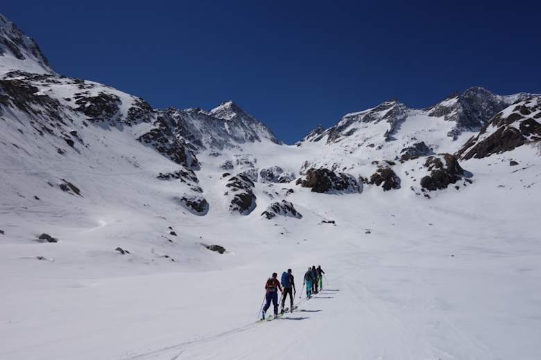 Die Abfahrt verläuft entlang der Aufstiegsroute zum Stredacher Winkel und von dort zurück zur Essener-Rostocker Hütte.
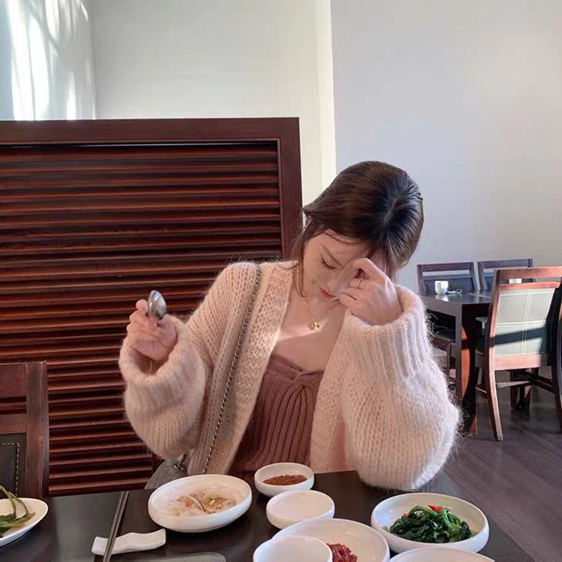 Saucer Coarse Line Sweater Jacket Woman Winter Thickening 2020 New Korean version loose Lazy Fashion Short knitted cardiovert
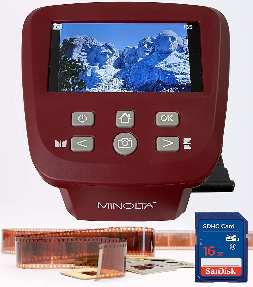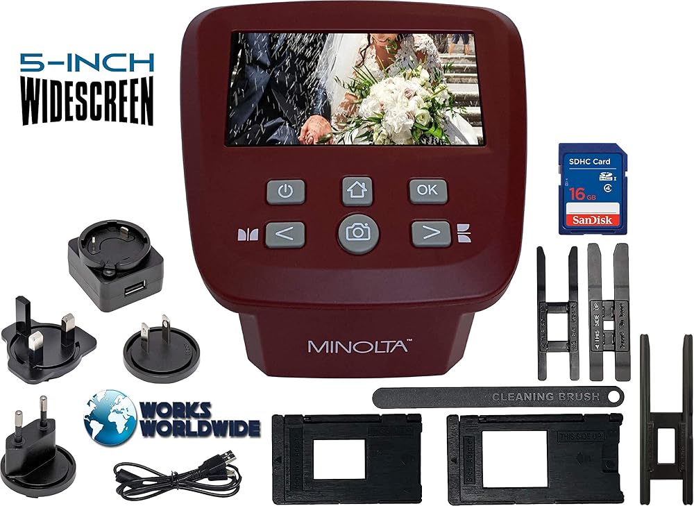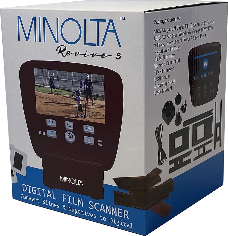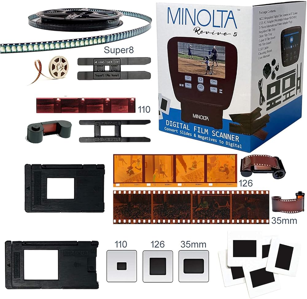 AMAZING HIGH RESOLUTION FILM TO JPEG IN SECONDS - MINOLTA Revive 5 Digital Film Scanner EASILY CONVERT COLOR and B&W 35mm, 126, 110 Negative & Slides, Super 8 Films to High Resolution 22MP JPEG Digital Photos Film to JPEG to "Revive" Your Old Slides & Negatives
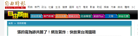 然而,岛内一些媒体却开始借机炒作。岛内绿媒《自由时报》6日发文炒作,声称“张钧甯撇台独”,更有甚者更是借部分亲绿网友之口大肆炮轰,挖苦讽刺张钧甯“很有潜力可以舔好舔满”“为舔共跪了”等等。

---------------

EXERCISE DIRECTIONS. Reproduce the listing above exactly, but skip the pictures.

FINISHED TASK.
 Die Abfahrt verläuft entlang der Aufstiegsroute zum Stredacher Winkel und von dort zurück zur Essener-Rostocker Hütte.
 Saucer Coarse Line Sweater Jacket Woman Winter Thickening 2020 New Korean version loose Lazy Fashion Short knitted cardiovert
 AMAZING HIGH RESOLUTION FILM TO JPEG IN SECONDS - MINOLTA Revive 5 Digital Film Scanner EASILY CONVERT COLOR and B&W 35mm, 126, 110 Negative & Slides, Super 8 Films to High Resolution 22MP JPEG Digital Photos Film to JPEG to "Revive" Your Old Slides & Negatives
 然而,岛内一些媒体却开始借机炒作。岛内绿媒《自由时报》6日发文炒作,声称“张钧甯撇台独”,更有甚者更是借部分亲绿网友之口大肆炮轰,挖苦讽刺张钧甯“很有潜力可以舔好舔满”“为舔共跪了”等等。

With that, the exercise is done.